I'm currently 21 and my cousin is 25. From the time I was in elementary school, til middle school, she lived in Ohio with her sister is who a year younger than me. Every time they would come and visit my cousin would molest me and have her sister play along. I remember everything in detail. She would make me do things to her and touched me back and always she would get mad if I wouldn't do what she wanted. I hadn't seen her in years, but two years ago when I came home for winter break she showed up with her new baby and the entire time I was around her I was jumpy, silent, and suddenly my already bad depression took a turn for the worst. I returned to school with my parents having had enough of me crying and talking about random **** that happened in the past. I started counting every lie I ever told, and made my roommate think I was definitely crazy. Going to counseling, I snapped out of it, but shes coming back in a while and I'm afraid. I want to tell my roommate who became a good friend what was up with me, but I have ONLY ever told my counselor, and ONE guy friend who is a marine and therefore trained to have no emotion anyway so it didn't really shake him that much. I don't know what to do. My parents and grandparents have asked me for years if someone molested me and I have always said no. Currently I live with my roommates and they find it a joke that I don't enjoy seeing another female naked or freak out when one touches me on my butt or on my boobs. Do I tell?


----------



## MoveAlong91 (Jan 10, 2015)

rehemazakari said:


> I'm currently 21 and my cousin is 25. From the time I was in elementary school, til middle school, she lived in Ohio with her sister is who a year younger than me. Every time they would come and visit my cousin would molest me and have her sister play along. I remember everything in detail. She would make me do things to her and touched me back and always she would get mad if I wouldn't do what she wanted. I hadn't seen her in years, but two years ago when I came home for winter break she showed up with her new baby and the entire time I was around her I was jumpy, silent, and suddenly my already bad depression took a turn for the worst. I returned to school with my parents having had enough of me crying and talking about random **** that happened in the past. I started counting every lie I ever told, and made my roommate think I was definitely crazy. Going to counseling, I snapped out of it, but shes coming back in a while and I'm afraid. I want to tell my roommate who became a good friend what was up with me, but I have ONLY ever told my counselor, and ONE guy friend who is a marine and therefore trained to have no emotion anyway so it didn't really shake him that much. I don't know what to do. My parents and grandparents have asked me for years if someone molested me and I have always said no. Currently I live with my roommates and they find it a joke that I don't enjoy seeing another female naked or freak out when one touches me on my butt or on my boobs. Do I tell?
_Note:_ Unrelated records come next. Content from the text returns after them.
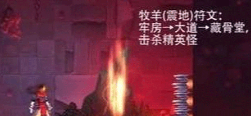 1、我们按照“被囚者牢房-有罪者大道-藏骨堂”的路线,在藏骨堂中找到精英怪获取震地符文。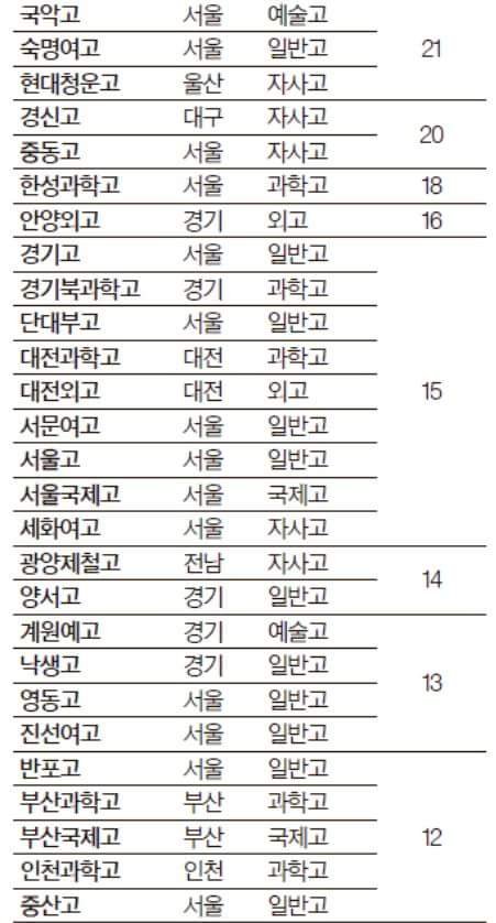 15학년도 서울대 합격생 배출 고교 최종순위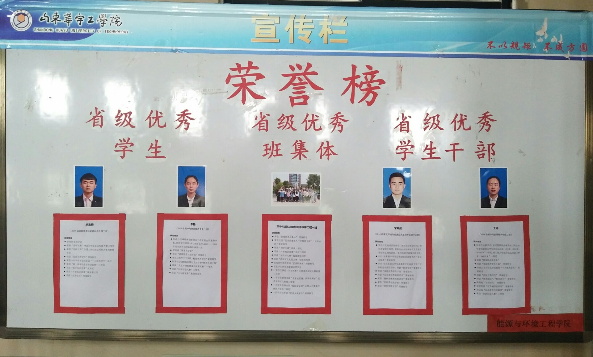 根据省教育厅下发(鲁教学字[2017]5号)《山东省教育厅关于公布2016年度高等学校优秀学生、优秀学生干部和先进班评选结果的通知》,能源学院2名学生获得省级优秀学生干部,1名学生获得省级优秀学生,2014级本科建筑环境与能源应用工程专业1班获得省级优秀班集体。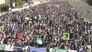 وردد المشاركون في المسيرات، شعارات منددة بالحصار والعدوان الصهيوني، الأمريكي، البريطاني، مؤكدين أن التطبيع مع الكيان الغاصب هو خيانة للأمة والأجيال المقبلة، ويجب أن يُواجَه بمقاومة شعبية عارمة.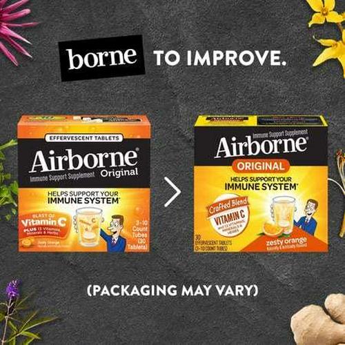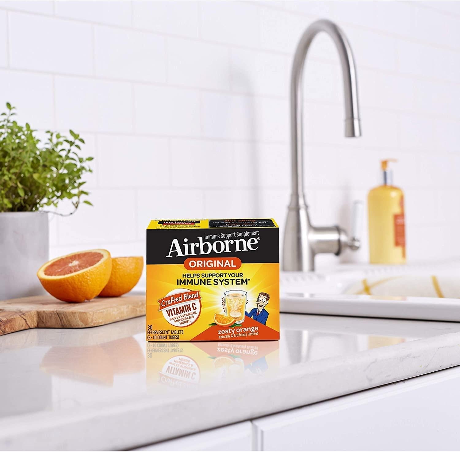 30 tablets, airborne 10030, effervescent tablet, immune support, vitamin c, zesty orange

Sadly, I've had a similar experience when I was younger, but instead it was my uncle who molested me. My mom had me at a very young age, so my uncle is only actually one year older than me, but he use to scare me with this weird mask that was hung up on my grandparents' wall. If I didn't abide by what he wanted to do, then he would say that the mask would come to get me. There were times where I would be so terrified that I'd be under the bed crying. He made me do a lot of things that I didn't want to, even though he was only a year older than me. I thought I was supposed to look up to him at that age. Strange thing is that he's gay now. But, to get to the point, I understand how you feel. It can really make you sensitive towards sexuality, so I wouldn't beat myself up about it. I had only told my ex about it and no one else knows because I don't want to bring it up and start so much drama. It's better to tell someone though, and I know your roommate will understand you, so don't hide it. You need someone to talk to about it other than your counselor, I believe, someone around your own age.


----------



## visualkeirockstar (Aug 5, 2012)

I thought female always enjoyed touching eachother. That's has to be terrible she done that.


----------



## TicklemeRingo (Jan 11, 2013)

That's horrible! 



rehemazakari said:


> Do I tell?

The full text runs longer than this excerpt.